Thursday, April 20, 2017

Newspaper Decline Continues To Weigh on AP Earnings

Earnings at The Associated Press shrank substantially last year compared with 2015, when the news organization enjoyed a large tax benefit that skewed its results. Revenue also edged downward, reflecting continued contraction in the newspaper industry and a stronger U.S. dollar that reduced the value of overseas sales.

The AP reports Net income last year shrank to $1.6 million from $183.6 million in 2015, a 99 percent decline. The 2015 profit figure was bolstered by a one-time, $165 million tax benefit. AP's 2014 net income of $140.9 million was also boosted by a large non-recurring gain from the sale of a stake in a sports data company.
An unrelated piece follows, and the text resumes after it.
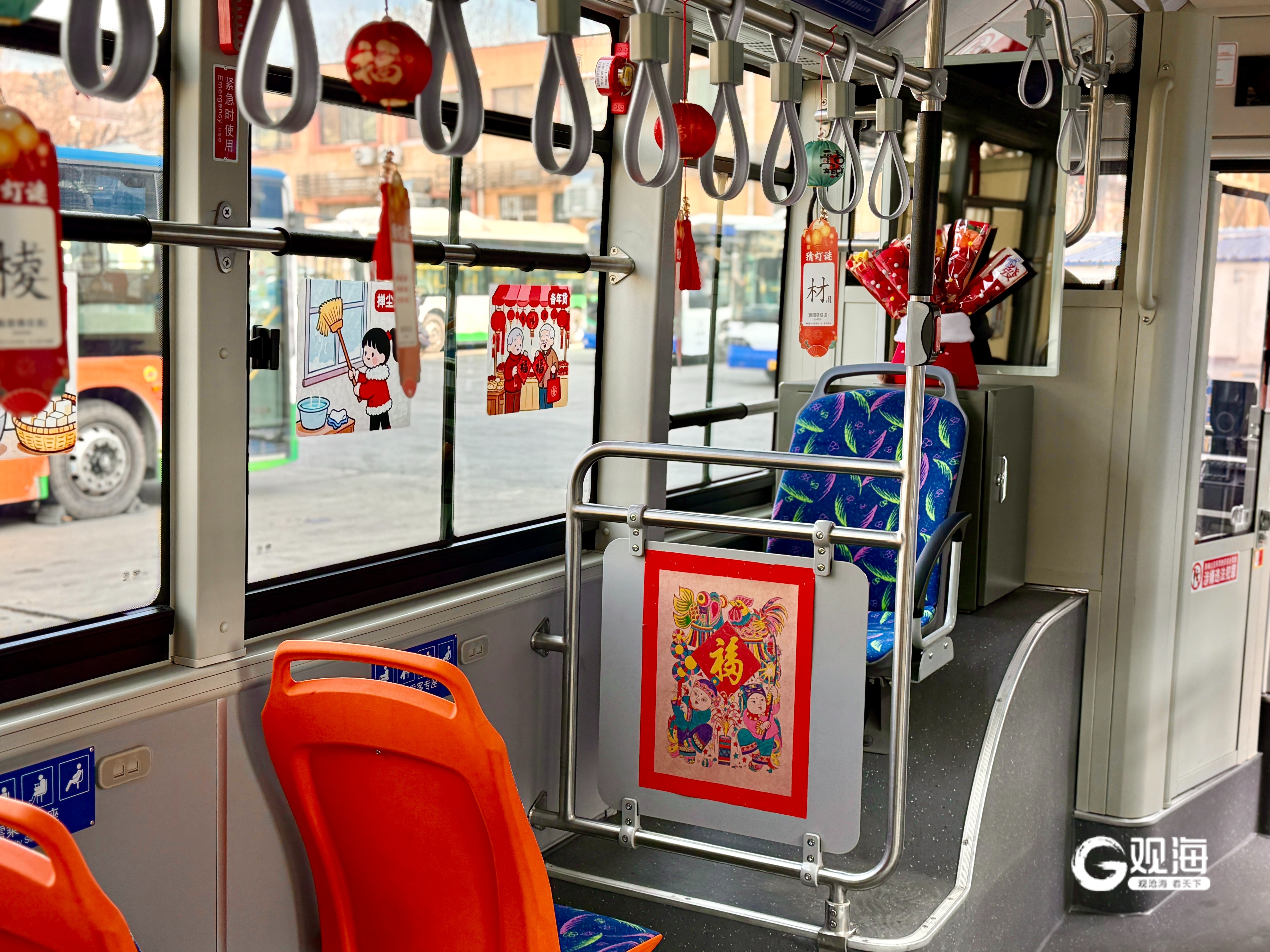步入115路DD2527号车,记者便被浓厚的“年味”给紧紧包裹……五颜六色地灯笼悬挂在了上方扶手杆处,车厢内贴满年画,传统韵味十足。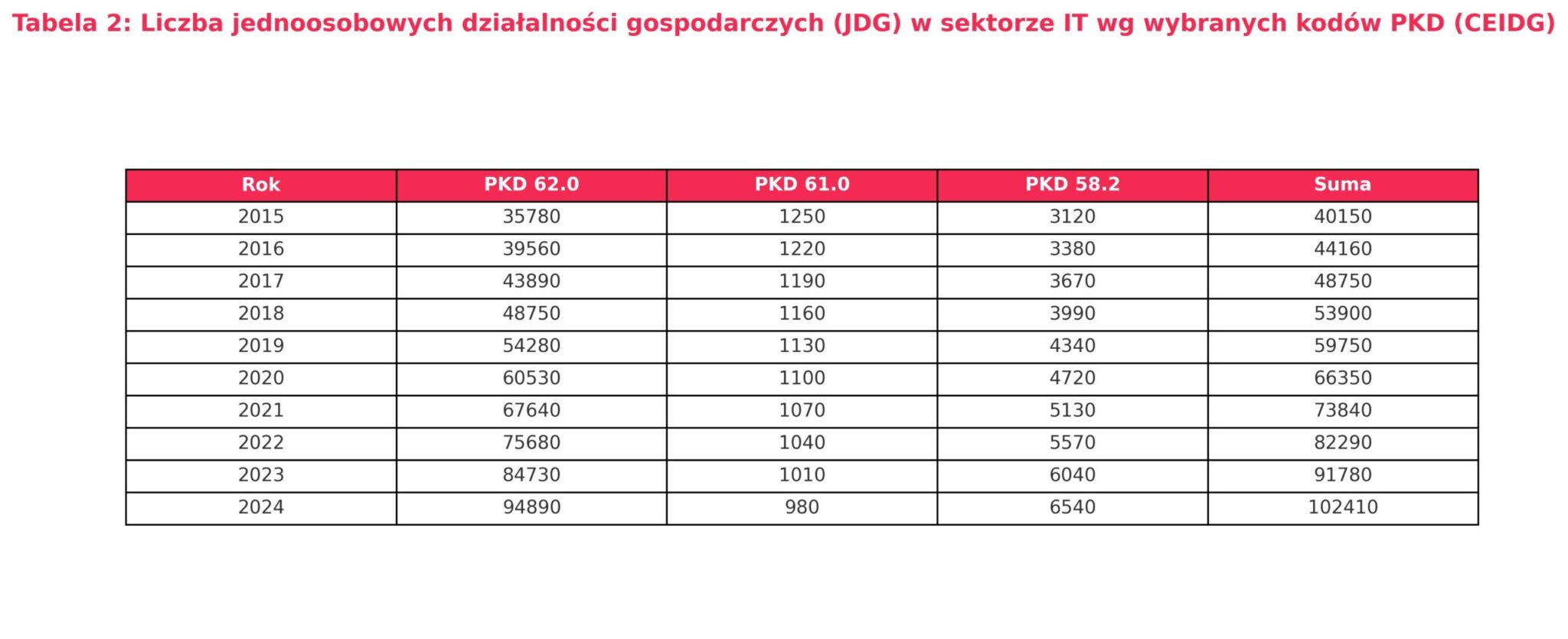 Nie można również pominąć wpływu bieżących wydarzeń rynkowych i technologicznych. Pandemia COVID-19 przyspieszyła cyfryzację wielu aspektów życia i gospodarki, co zwiększyło popyt na usługi IT. Rozwój pracy zdalnej umożliwił wielu specjalistom IT prowadzenie działalności z dowolnego miejsca, co mogło przyczynić się do wzrostu liczby jednoosobowych działalności gospodarczych. Popularność outsourcingu IT, w którym Polska od lat zajmuje silną pozycję , również stymuluje rozwój firm świadczących usługi IT.

In 2013, net income at the AP — a nonprofit news cooperative — was $3.3 million.

Revenue at AP dropped 2 percent to $556.3 million in 2016. The news agency gave some papers lower rates in exchange for longer contracts, Dale said. The number of U.S. newspaper customers didn't change much.

AP's annual revenue peaked in 2008 at $748 million, and has mostly fallen since then, battered by the shift to online media and the decline of newspapers. The news agency, which sells other media organizations subscriptions to its print stories, videos and photos, has worked to make up the shortfall by investing more in video and focusing on new overseas customers.

Nearly half of AP's revenue comes from TV broadcasters. Newspapers account for 23 percent of revenue. U.S. papers make up the bulk of that, contributing 19 percent of total revenue. Internet companies like Yahoo and Microsoft contribute about another 10 percent. AP also gets money from other agencies and radio stations.